Open mrForce opened 4 years ago
Regarding the tangential question, I believe Sangtae Kim removed that option when he switched from p-values and FDR to E-values QValues. This update also included renaming the program from MSGFDB to MS-GF+. I do not know the details for this change.
Describe the question or problem In MZIdentMLGen.java, the spectral E-value is multiplied by the number of unique peptides in the database with the same length as the peptide in the match, to get the final E-value. This makes sense. However, in DBScanner.java on line 826, the number of unique peptides in the database with the same length as the matching peptide is also used for the multiple testing correction when computing the p-value, as: p-value = 1 - (1 - specProb)^N, where N is the number of peptides in the database with the same length as the matching peptide. I would have thought that N should be the number of peptides we searched against the spectrum (i.e. the number of tests).

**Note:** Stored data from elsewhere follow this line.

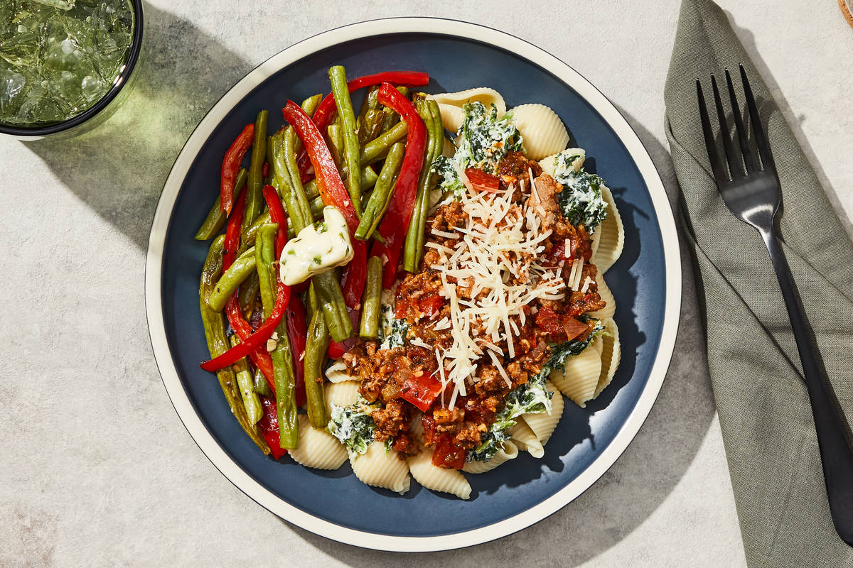 In this flavorful Italian-inspired dish, cauliflower pasta shells are topped with a luscious spinach and chive ricotta, draped in a sausage and roasted red pepper marinara sauce, and finished with Parmesan. On the side, roasted garlicky green beans and red bell peppers are topped with a dollop of melty chive butter. **Ingredients:** Cauliflower Shells (Water, Cauliflower Powder, Potato Starch, Tapioca Starch, Whole Egg, Egg White, Xanthan Gum, Konjac, Salt), Green Beans, Red Bell Peppers, Italian Pork Sausage (Pork, Water, Salt, Spices, Paprika), Diced Tomatoes (Tomatoes, Tomato Juice, Salt, Calcium Chloride, Citric Acid), Water, Ricotta Cheese (Pasteurized Milk, Pasteurized Whey, Pasteurized Cream, Vinegar, Salt, Stabilizers (Xanthan Gum, Locust Bean Gum, Guar Gum)), Garlic, Shredded Parmesan Cheese (Pasteurized Part-Skim Milk, Cheese Culture, Salt, Enzymes, Powdered Cellulose (Added To Prevent Caking), Natamycin (A Natural Mold Inhibitor And To Protect Flavor)), Red Onions, Unsalted Butter (Pasteurized Cream, Natural Flavorings), Onions, Olive Pomace Oil (Refined Olive Pomace Oil, Extra Virgin Olive Oil), Neufchatel Cheese (Pasteurized Milk And Cream, Skim Milk, Cheese Culture, Salt, Guar Gum, Carob Bean Gum, Xanthan Gum), Celery, Tomato Paste (Tomatoes, Citric Acid), Roasted Garlic Oil (Olive Pomace Oil (Refined Olive Pomace Oil, Extra Virgin Olive Oil) Garlic), Spinach, Vinegar, Granulated Garlic, Tomato Powder (Tomato Powder, Silicon Dioxide (Anti-Caking Agent)), Sea Salt, Black Pepper, Smoked Black Pepper (Pepper, Smoke Flavor), Dried Basil, Dried Parsley, Thyme, Dried Chives, Dried Oregano The nutrition facts are based off of the recommended serving size. Serving Size = 1 Tray (303g)
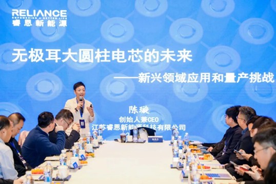 会上,睿恩新能源创始人、董事长陈璇女士发表了题为“无极耳大圆柱电芯的未来—新兴领域应用和量产挑战”的主旨演讲,引发了与会者的广泛关注和热烈讨论。
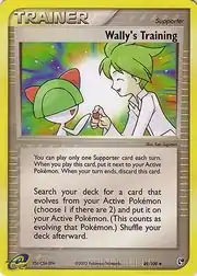 Wally's Training (Japanese: ミツルの育成 Mitsuru's Development) is a Supporter card. It is part of the EX Sandstorm expansion.
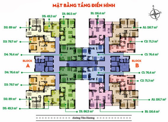 Diện tích: 49,3m2, 71,3m2, 76,4m2,79,7m2, 86,5m2, 89m2, 116,7m2.
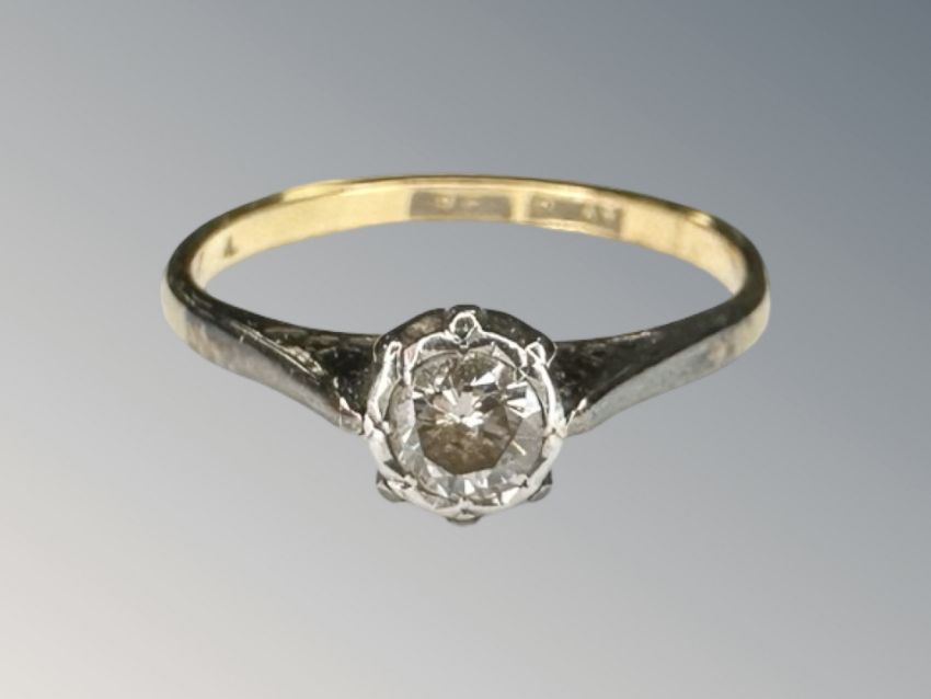 An 18ct yellow gold platinum set diamond solitaire ring, approximately 0.15ct, size J.
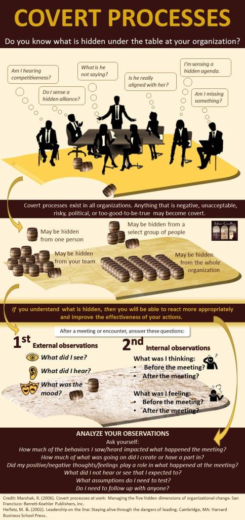 A covert process is one that is hidden or under the table. According to Bob Marshak’s seminal work, it can be hidden from just you, a group of people, or an entire organization. Because all significant change involves covert processes, it is critical to consider what is covert and who it is hidden from. When you are aware of what is hidden, you can better understand the intentions before you become surprised. If you understand the nature of covert processes and recognize them, you can plan and act appropriately – especially before it might be too late.
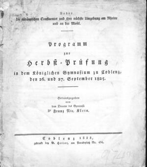 Über die altrömischen Confluentes und ihre nächste Umgebung am Rheine und an der Mosel / [Franz Nic. Klein]
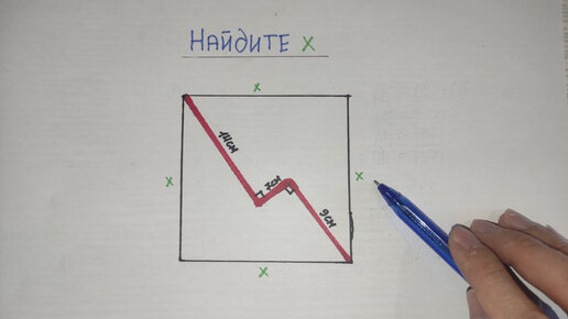 Долго думал над решением задачи, а надо было применить теорему Пифагора. Задача из геометрии, найдите "х"
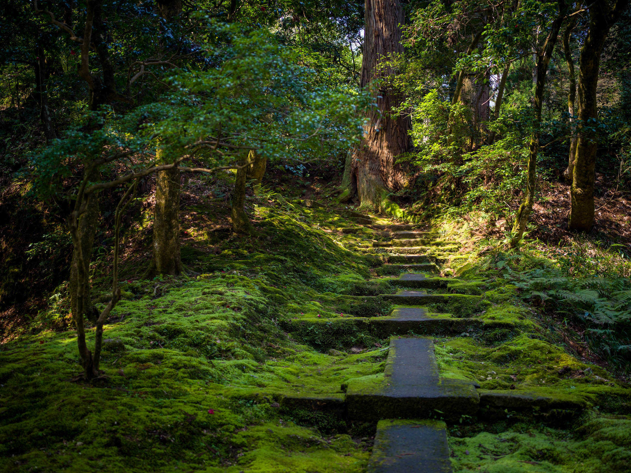 Mossy stone steps wind through an enchanted forest toward Natadera Temples hidden sanctuary.
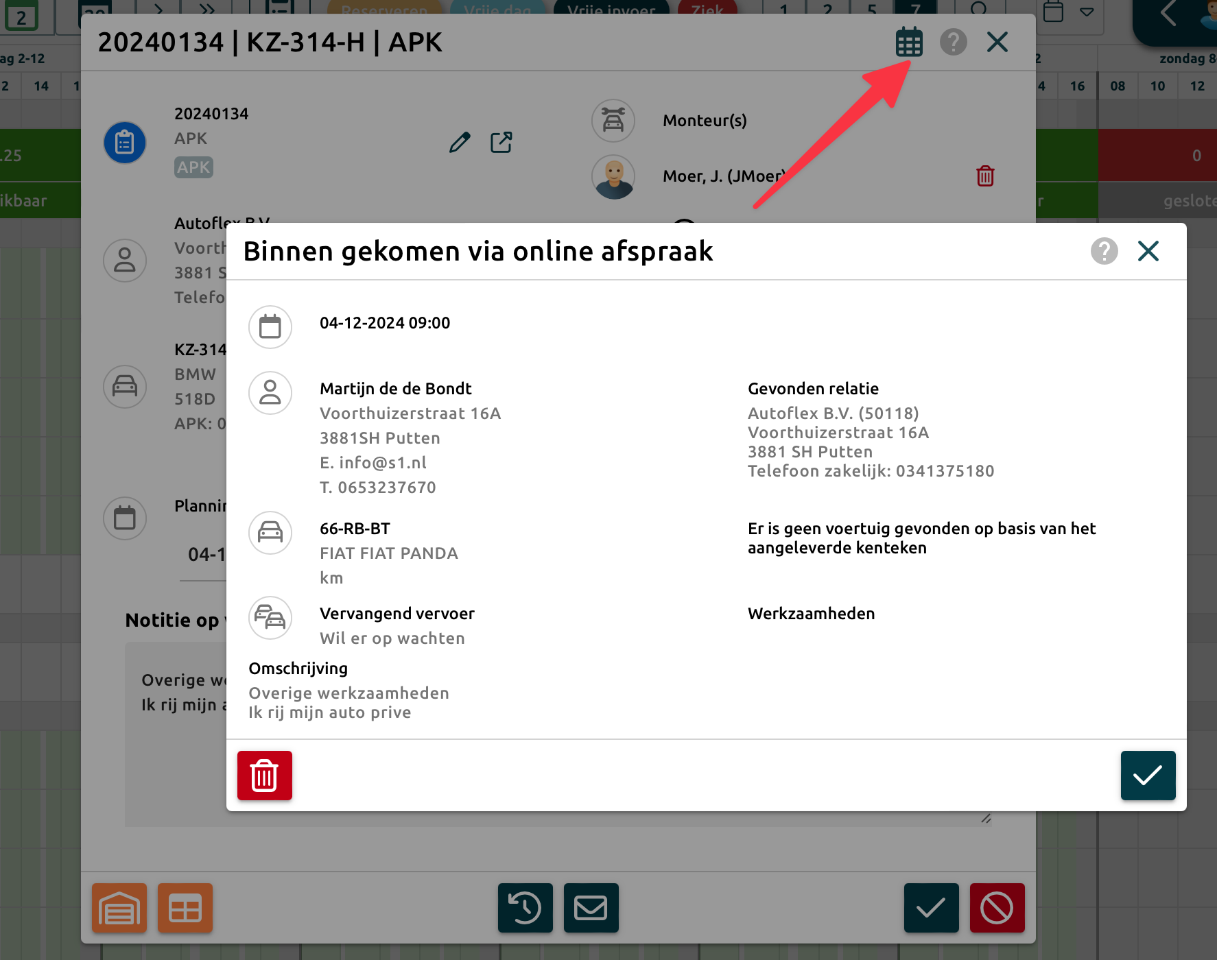 De originele gegevens van de afspraak zijn via het kalender icoon terug te zien bij de werkorder die aangemaakt is vanuit een Online afspraak |
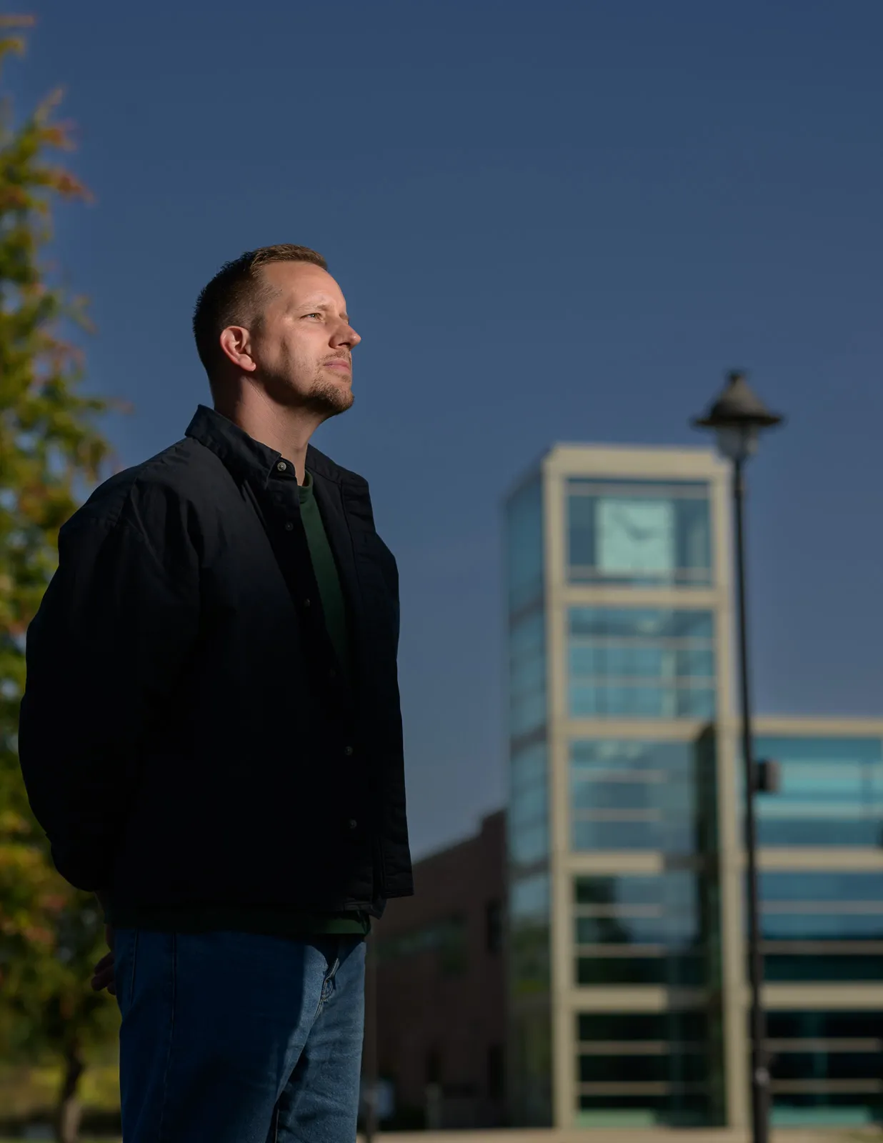 University of Maryland Professor of Environmental and Occupational Health Donald K. Milton poses for a portrait inside the Gesundheit II in his lab.

I understand that this part of the code is from MSGFDB, and is likely very old, but I would find it helpful to know why this was done this way.
Details The reason I'm asking this is because my advisor and I are trying to see if we can modify MS-GF+ so that we can estimate FDR directly without using a decoy database. I guess this brings up a tangential question: it looks like MSGFDB had the ability to compute FDR's using the formulas found here, but this functionality doesn't appear in MS-GF+. Is there a reason for this?